RA’ANANA MARKET INTELLIGENCE · Q3 2025
Ra'anana Property Market Q3 2025: Premium City, Correction Phase
December 2025 · Market Analysis
5-10% Below 2024 Peak Prices · NIS 3.85–4.13M for 4-Room Apartments · 8th Highest Socio-Economic Ranking in Israel · 80% Employment Rate · ~75,000 Population
Ra'anana has always played by different rules. Established in 1922 by North American pioneers and built into one of Israel's most coveted addresses, it's the city that families move to when they want the best schools, the greenest streets, and a community that feels genuinely international. The Q3 2025 market correction hasn't changed any of that. What it has done is create the most favourable buying conditions the city has seen in years.
The Data Picture
Ra'anana presents an interesting data challenge: the Central Bureau of Statistics doesn't publish separate figures for the city, folding it instead into Central District aggregates. The most reliable city-level proxy is neighbouring Kfar Saba, which sits adjacent to Ra'anana and shares similar demographics.
Here's what the numbers tell us. The Central District average hit NIS 2.61 million in Q3 2025, down 3.8% year-on-year.

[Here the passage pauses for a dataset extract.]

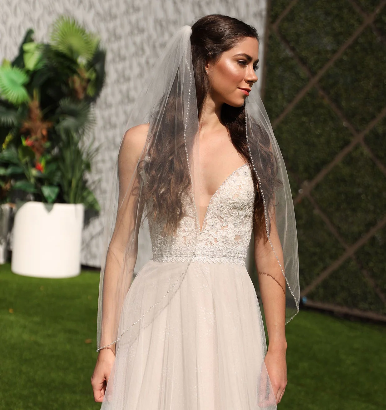 Ce voile de mariée court, délicatement doublé et orné de pierres sur les bords, offre une élégance raffinée. Sa première couche mesure 29 pouces de longueur, tandis que la seconde s’étend sur 35 pouces, avec une largeur de 48 pouces, pour un effet léger et sophistiqué.
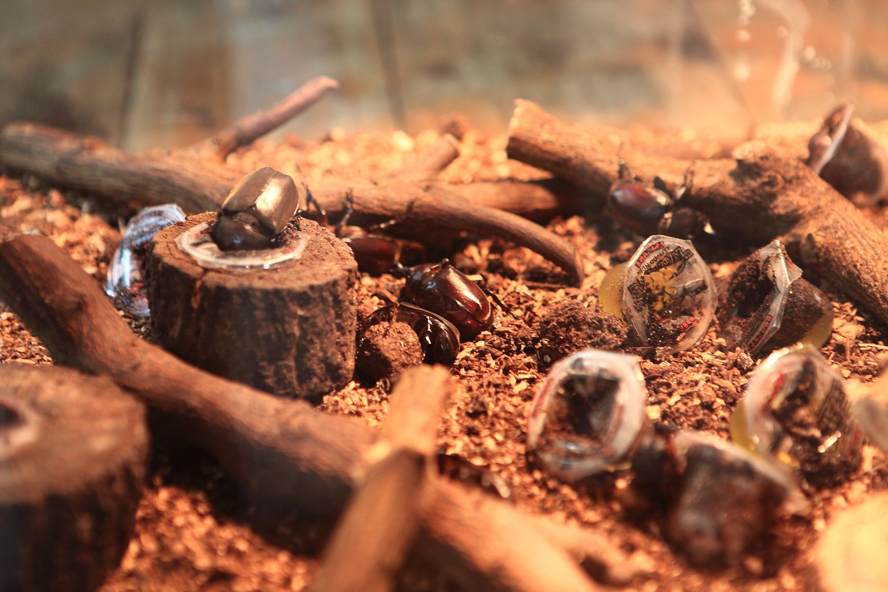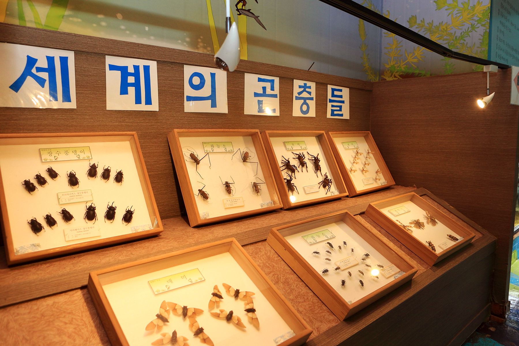 곤충체험장에서는 장수풍뎅이와 사슴벌레가 애벌레에서 성충이 되기까지의 과정을 볼 수 있고

Kfar Saba specifically saw a steeper drop — NIS 2.77 million, down 9.3% annually. Ra'anana, which historically commands a 15–25% premium over Kfar Saba due to its larger Anglo community and quality-of-life advantages, is currently seeing 4-room apartments listed in the NIS 3.85–4.13 million range, with the correction likely tracking in the 5–10% range from 2024 peaks.
Central District — Overall Performance Q3 2025
MetricQ3 2025YoY ChangeCentral District AverageNIS 2.61 million-3.8%4-Room Apartment (Central)NIS 2.575 million+1.6%Central District Inventory26,740 unitsHighest in Israel
Source: Central Bureau of Statistics Q3 2025
For context on what Ra'anana looked like heading into the correction: Q1 2025 showed Kfar Saba 4-room apartments at NIS 3.0 million (up 8% from Q1 2024), which means Ra'anana equivalents were in the NIS 3.5–3.85 million range at that point. The correction has brought those figures down, but the premium over the broader market remains firmly intact.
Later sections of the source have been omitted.